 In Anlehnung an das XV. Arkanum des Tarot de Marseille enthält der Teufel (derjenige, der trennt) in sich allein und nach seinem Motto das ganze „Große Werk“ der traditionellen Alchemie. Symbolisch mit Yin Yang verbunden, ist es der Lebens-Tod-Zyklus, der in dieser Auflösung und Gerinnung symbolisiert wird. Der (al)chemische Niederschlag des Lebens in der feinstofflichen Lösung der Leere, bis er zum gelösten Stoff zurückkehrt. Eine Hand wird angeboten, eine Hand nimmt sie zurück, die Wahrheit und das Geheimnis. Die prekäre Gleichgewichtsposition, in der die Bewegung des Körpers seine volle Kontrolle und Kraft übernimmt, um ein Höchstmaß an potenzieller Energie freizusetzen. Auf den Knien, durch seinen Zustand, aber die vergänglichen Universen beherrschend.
---*---
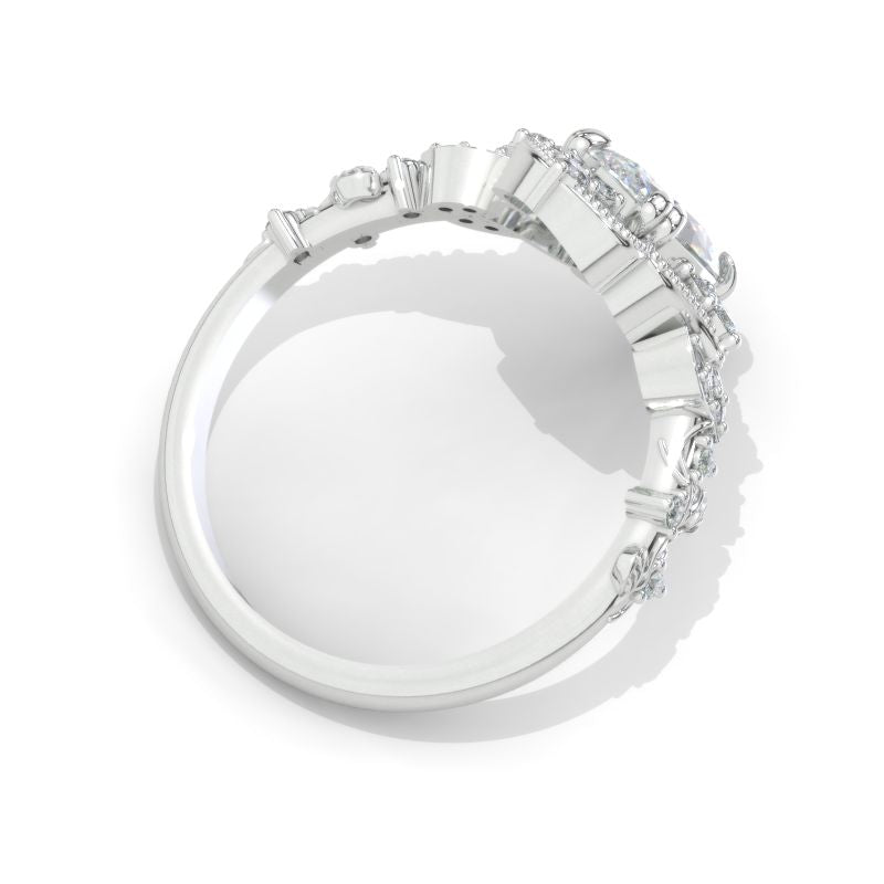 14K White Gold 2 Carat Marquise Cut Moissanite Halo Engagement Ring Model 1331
---*---
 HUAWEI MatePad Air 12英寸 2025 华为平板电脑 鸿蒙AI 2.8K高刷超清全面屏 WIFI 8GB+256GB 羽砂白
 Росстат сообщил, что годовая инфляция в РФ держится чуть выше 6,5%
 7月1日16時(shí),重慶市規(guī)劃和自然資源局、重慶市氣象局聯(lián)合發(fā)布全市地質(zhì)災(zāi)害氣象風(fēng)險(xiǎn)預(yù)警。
---*---
> [Task to carry out]
Scan the lines above for "Росстат сообщил, что" and for "7月1日16時(shí),重". Repeat exactly the line holding each of them and every line in between.

> [Exercise solution]
 Росстат сообщил, что годовая инфляция в РФ держится чуть выше 6,5%
 7月1日16時(shí),重慶市規(guī)劃和自然資源局、重慶市氣象局聯(lián)合發(fā)布全市地質(zhì)災(zāi)害氣象風(fēng)險(xiǎn)預(yù)警。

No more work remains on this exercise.